Котёнок сидел на высоком глинистом берегу. Внизу бежал ручей. Ручей, который забрал маму и едва не забрал его самого. Котёнок ждал, надеясь услышать знакомый лай Рейнджера. Но был слышен только стрекот цикад и пение вечерних птиц. Пак вздрогнул и отвернулся от ручья. И увидел перед собой старое, умирающее дерево.
Он направился к сосне и обнаружил под толстыми корнями небольшое тёмное отверстие. Пак подошёл поближе, обнюхал вход в нору и заглянул внутрь. Нора была маленькой, но тёплой и сухой. «Не выходите из-под крыльца! Под крыльцом вы в безопасности» — так говорила мама. Её слова всё ещё звучали в его ушах. Он нарушил правило. И вот теперь мамы нет, а он остался совсем один.
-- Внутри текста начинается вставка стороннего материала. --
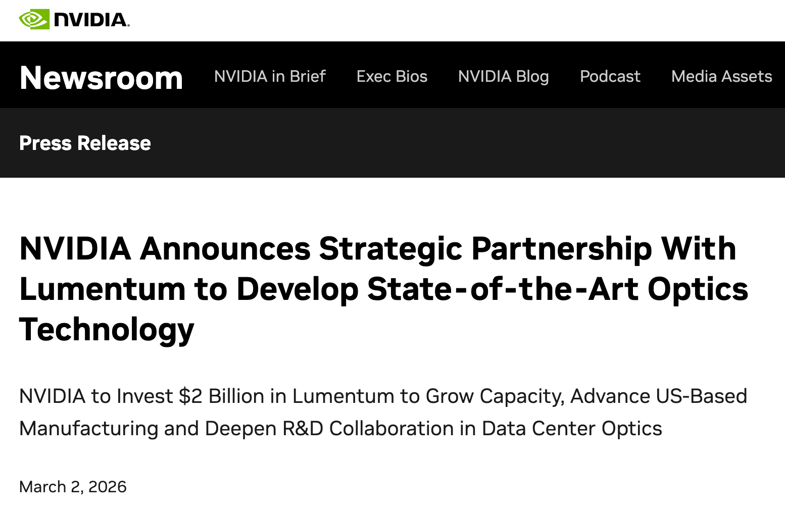 3月2日,英伟达官宣两大涉CPO(共封装光学)合作:该公司与光通信巨头Lumentum、Coherent达成战略协议,明确向两家公司各投资20亿美元,并签下巨额采购承诺与未来产能使用权。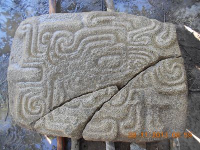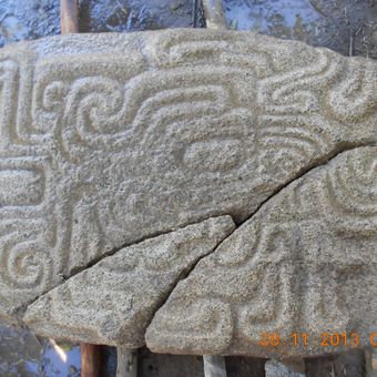 El sitio presenta numerosos monumentos de piedra, incluyendo el Altar 1 que muestra una cara zoomorfa similar a una tortuga junto a tres rostros antropomorfos.

Пак залез в норку. Там было темно и уютно. Хотя у него в животике урчало от голода, он свернулся клубочком и скоро уже спал блаженным сном. А жестокое, острое как бритва «никогда» сидело у изголовья и ожидало его пробуждения.
Он спал и не знал, что прямо под ним, глубоко-глубоко под землёй, свернулась плотным кольцом древняя тварь. Она тоже спала, там, внизу, под корнями старой сосны.
Казалось бы, что общего между этими двумя существами — очень маленьким котёнком и очень древней тварью? Ничего. И всё-таки кое-что общее у них было.
Одиночество.
Одиночество может настичь любого из нас. Детей, взрослых и стариков. Добрых и злых. Пак был одинок, потому что потерял своих родных. Праматерь была одинока, потому что потеряла Ночную Песню.
46
Деревья — ольха и магнолия, осина и лавр — тоже знают, что такое одиночество. Им одиноко без странствующих голубей и мощных бизонов. Без пантер и бурых медведей. Им одиноко без людей племени каддо, которые когда-то жили в этих местах и плавали по протоке.
Деревья знают, что такое обида и возмездие. Память хранит обиду долгими, долгими веками, рождая мечты о возмездии.
После того как Ночная Песня и Зоркий Сокол покинули лес, Праматерь превратилась в клубок обиды и ненависти. Ненависть окутала её плотной пеленой — такой плотной, что мокасиновая змея ничего больше не видела и не слышала.
Союз ненависти и обиды источает смертоносный яд. Яд наполнил пасть Праматери, её ватно-белую пасть. Опять в её жизнь вмешался мужчина! Мужчина забрал у неё то, что она любила больше всего на свете, — больше воды и воздуха, больше тепла и солнца. Он поступил ещё хуже, чем тот, другой, что предал её много-много сотен лет назад. Он забрал её девочку, её дорогую дочку, её Ночную Песню. Праматерь мечтала о возмездии. И обжигающая горечь этой мечты оттачивала её острые зубы и придавала ослепительный металлический блеск её иссиня-чёрной чешуе.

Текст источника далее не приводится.